Попыталась подняться, опираясь на локти. Руки не слушались и она свалилась обратно на подушку. Не до конца осознавая реальность, заторможено перебирала пуговицы на распахнутой блузке, открывающей полуголое тело. Не было сил сконцентрироваться и поправить одежду.
Сознание постепенно возвращалось из удушливого тумана небытия.
Она обвела комнату проясняющимся взглядом. Поняла, где находится. Вспомнила, как сюда попала.
Ахнув, с содроганием посмотрела на себя, на расстёгнутую одежду… С ужасом – на тюремщика.
Георг поспешно накинул на неё плед и укрыл до подбородка. Опережая панику и вопросы, торопливо произнёс:
– Не бойся, не пугайся, ради бога! Всё хорошо, девочка. Ничего я не сделал с тобой. Не тронул… Не трону! Слышишь? Понимаешь меня? Повторяю: не прикоснусь к тебе больше. Ты в безопасности. Успокойся только. Дыши глубже.
Он тоже был напуган и боялся приблизиться, прикоснуться, чтобы у Юли снова не началась истерика и не случился новый обморок.
Горько и потерянно метался по комнате из угла в угол. Хватался за голову, удерживая взрывающийся мозг. Неслышно выплёвывал ругательства и проклятья.

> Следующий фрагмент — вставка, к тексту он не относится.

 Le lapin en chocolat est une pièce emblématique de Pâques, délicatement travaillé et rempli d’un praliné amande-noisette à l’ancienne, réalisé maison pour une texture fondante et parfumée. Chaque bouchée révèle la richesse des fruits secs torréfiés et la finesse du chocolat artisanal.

Принёс холодной воды из кухни, накапал успокоительные капли, дал ей. Подумал и сконфуженно накапал себе.
– Ты больная? У тебя бывают обмороки? Приступы? Часто? – опасливо поинтересовался он, видя, что Юля полностью пришла в себя и способна отвечать на вопросы.
– Нет… У меня был обморок? Не помню… Только боль и провал. Никогда не было такого раньше. Это первый раз.

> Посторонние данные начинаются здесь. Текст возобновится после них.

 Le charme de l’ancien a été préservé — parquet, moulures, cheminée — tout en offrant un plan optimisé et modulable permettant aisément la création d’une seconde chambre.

– Почему? Так сильно испугалась? И сейчас боишься меня?
Она грустно взглянула на встревоженного тюремщика. Навернулись слёзы.
Тихо кивнула:
– Да… Вы же напали на меня. Снова, – отвернулась и прошептала: – А я уже вам верить начала.
Георг сдержанно застонал:
– Я клянусь! Клянусь, что больше не прикоснусь к тебе! Только если сама захочешь, – он тихонечко присел на самый край кровати, борясь с искушением утешающе обнять и погладить несчастную, ослабшую от постоянного стресса девушку.
– Почему ты такая? – мягким, ровным голосом уговаривал Георгий, следя, чтобы слова звучали негромко и по-доброму. – Ты давно не ребёнок. Всё про жизнь понимаешь. Надо по-другому воспринимать отношения полов. Проще. И ты ведь сейчас уже… уже женщина. Мы с тобой взрослые, свободные люди. Обещаниями или записями в паспортах ни с кем не связаны. Можем позволить близость. В этом нет ничего аморального и противоестественного. Мне непонятны твои страхи.
Немного сократил расстояние между ними, осторожно положил ладонь на пальцы девушки. Легонько погладил, внимательно наблюдая за реакцией:
– И ещё… Можешь объяснить: почему не боишься вести себя вызывающе, грубить, спорить со мной. Даже если я злой. Но пугаешься до потери сознания, если… хочу тебя. Хочу любить, прикоснуться, приласкать? Я настолько страшный? Настолько безобразен?
– Нет. Образен… Ой… Красивый, – Юля слабо рассмеялась над своей оговоркой и измученно закрыла лицо руками, заодно освобождая пальцы из-под его потяжелевшей ладони, – Вы не внешне страшный…
Бросив быстрый оценивающий взгляд на физиономию и плечи Георга, вздохнула. Честно добавила:
– Даже красивый. Кажется… Да. Всё в порядке с вашей внешностью.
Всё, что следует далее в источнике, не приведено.